L'abbé Bengel y propose un idéal conduisant l'homme à la
perfection :
"l'homme majeur capable de diriger sa vie rationnellement et de réussir dans l'épanouissement et la joie (…) Les principes et les lois restent lettre morte s'ils ne sont pas intégrés à un élan de vie, partant des profondeurs et jaillissant dans le conscient en une affectivité heureuse. Cette quête trouve une suprême réponse dans l'union à Dieu avec des significations, une confiance et un amour incomparables. L'intelligence connaît ses richesses. Mais, c'est au cœur de les étreindre dans une admiration un zèle inépuisables".Nous retrouvons là ses thèmes et sa manière de penser de 1940, mais également l'influence du psychanalyste K.G. Jung et sa théorie de l'inconscient affectif. Il prend, en effet, en compte l'irruption non rationnelle de l'affectivité.
Mais toujours poussé par sa quête intellectuelle et par le besoin d'approfondir sa conception très personnelle de la vie humaine, Robert Bengel va s'établir à Vaux-sur-Seine, ce qui lui permettra de suivre des cours en Sorbonne.

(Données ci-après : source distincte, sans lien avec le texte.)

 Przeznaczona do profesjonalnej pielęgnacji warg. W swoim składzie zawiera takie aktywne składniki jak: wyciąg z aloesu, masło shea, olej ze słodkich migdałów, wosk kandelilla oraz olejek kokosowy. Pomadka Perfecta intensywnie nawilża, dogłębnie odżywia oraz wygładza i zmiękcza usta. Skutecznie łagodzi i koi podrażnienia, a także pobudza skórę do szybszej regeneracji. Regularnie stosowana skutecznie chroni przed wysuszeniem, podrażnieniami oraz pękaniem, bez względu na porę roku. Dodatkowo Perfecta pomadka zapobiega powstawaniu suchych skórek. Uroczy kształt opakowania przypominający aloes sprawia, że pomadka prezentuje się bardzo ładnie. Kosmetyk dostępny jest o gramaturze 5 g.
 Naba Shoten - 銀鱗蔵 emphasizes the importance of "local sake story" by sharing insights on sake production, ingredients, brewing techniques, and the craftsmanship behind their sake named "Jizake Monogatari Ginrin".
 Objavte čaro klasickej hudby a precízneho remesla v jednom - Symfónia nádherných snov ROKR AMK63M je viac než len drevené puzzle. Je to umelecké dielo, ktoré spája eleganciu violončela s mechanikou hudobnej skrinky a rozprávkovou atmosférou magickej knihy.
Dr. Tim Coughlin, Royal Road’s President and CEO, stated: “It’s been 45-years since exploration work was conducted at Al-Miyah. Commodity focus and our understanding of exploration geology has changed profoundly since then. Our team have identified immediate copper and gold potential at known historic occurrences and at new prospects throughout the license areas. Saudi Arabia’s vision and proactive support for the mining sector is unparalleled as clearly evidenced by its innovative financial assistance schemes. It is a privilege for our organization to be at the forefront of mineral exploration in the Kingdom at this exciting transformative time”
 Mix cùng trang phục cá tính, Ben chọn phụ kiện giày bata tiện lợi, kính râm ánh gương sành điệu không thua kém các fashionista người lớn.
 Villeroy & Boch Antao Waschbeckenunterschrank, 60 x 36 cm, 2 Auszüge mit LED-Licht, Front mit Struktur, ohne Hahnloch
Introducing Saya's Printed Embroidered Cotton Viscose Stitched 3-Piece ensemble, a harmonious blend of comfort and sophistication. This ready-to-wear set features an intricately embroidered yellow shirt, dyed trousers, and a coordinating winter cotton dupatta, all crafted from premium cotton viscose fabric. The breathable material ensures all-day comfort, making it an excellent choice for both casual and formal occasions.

Robert Bengel finit sa vie de manière rustique, au contact d'une famille
ouvrière portugaise dont la présence des enfants lui avait révélé
la tendresse humaine. Il garda le profond regret du temps perdu, mais en retira
une meilleure compréhension de lui-même ainsi que l'apaisement
trouvé dans un échange confiant.
Il avait pourtant gardé son intrépide esprit missionnaire. Ce
qu'il écrivit à l'un de ses anciens élèves, en 1982,
révèle son âme en quête d'Absolu, un testament prêché
à temps et à contre-temps :
"Je voudrais vous proposer une autre étude: entreprendre la conquête mystique de votre établissement, lui imprimer une orientation et un enthousiasme. missionnaires. Dieu vous le demande et, avec sa grâce, vous réussirez. Je peux vous aider pour certaines indications. Mais c'est l'effort de votre esprit, de votre coeur et de votre amour divin qui seront décisifs."Le 31 octobre 1987, Robert Bengel décède dans une extrême simplicité, après une vie entièrement consacrée à la mise en oeuvre très scrupuleuse de sa foi, au service de son prochain et de la société humaine.